Indigenous leaders attack intervention

24/07/2008 1:00:01 AM

INDIGENOUS leaders in Arnhem Land have asked Kevin Rudd to abandon key aspects of the federal intervention in remote Aboriginal areas, including the quarantining of welfare payments.

The leaders, who represent 8000 Aboriginal people, said the intervention had created a wasteful bureaucracy and described the quarantining system under which payments had to be spent on food or other essentials as punitive. The payments should only be quarantined on a case-by-case basis, they said.

The Prime Minister was presented with a statement detailing the demands during a visit yesterday to Yirrkala.

Clan leaders agreed on the statement after a marathon and sometimes fiery meeting. The statement said indigenous people had been "marginalisd and demeaned over the past decade by the Howard regime and have been denied a say in our aspirations and futures".

Mr Rudd told journalists the Government was waiting on the findings of a review of the intervention by a three-person board expected later this year.

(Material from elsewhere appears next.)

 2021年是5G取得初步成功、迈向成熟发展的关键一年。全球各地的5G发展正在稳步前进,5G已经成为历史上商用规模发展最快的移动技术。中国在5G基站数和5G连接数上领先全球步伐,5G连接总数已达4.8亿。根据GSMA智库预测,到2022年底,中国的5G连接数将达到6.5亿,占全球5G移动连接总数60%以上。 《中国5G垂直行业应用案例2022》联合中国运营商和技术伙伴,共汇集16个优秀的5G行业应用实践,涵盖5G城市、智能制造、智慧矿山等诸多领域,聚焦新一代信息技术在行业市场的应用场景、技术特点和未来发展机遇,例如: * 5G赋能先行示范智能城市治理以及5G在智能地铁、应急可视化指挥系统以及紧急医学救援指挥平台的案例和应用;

He said that under the intervention in 73 communities, 14,300 people had had their welfare payments quarantined and 1100 children had been given health checks. "These are important achievements," he said.

Among the leaders who signed the statement was Wali Wunungmurra, chairman of the powerful Northern Land Council which represents most indigenous groups in northern Australia.

The former Australian of the Year Galarrwuy Yunupingu denied signing the statement but said he supported the review. Disagreements about the intervention have escalated tensions among north-east Arnhem Land's 13 clans.

The leaders asked Mr Rudd to "stop taking advice from self-appointed experts - Aboriginal and non-Aboriginal" and "Aboriginal leaders who claim to know what should be done to improve our lives, when in fact they know very little about our communities, our culture, what we value or our circumstances."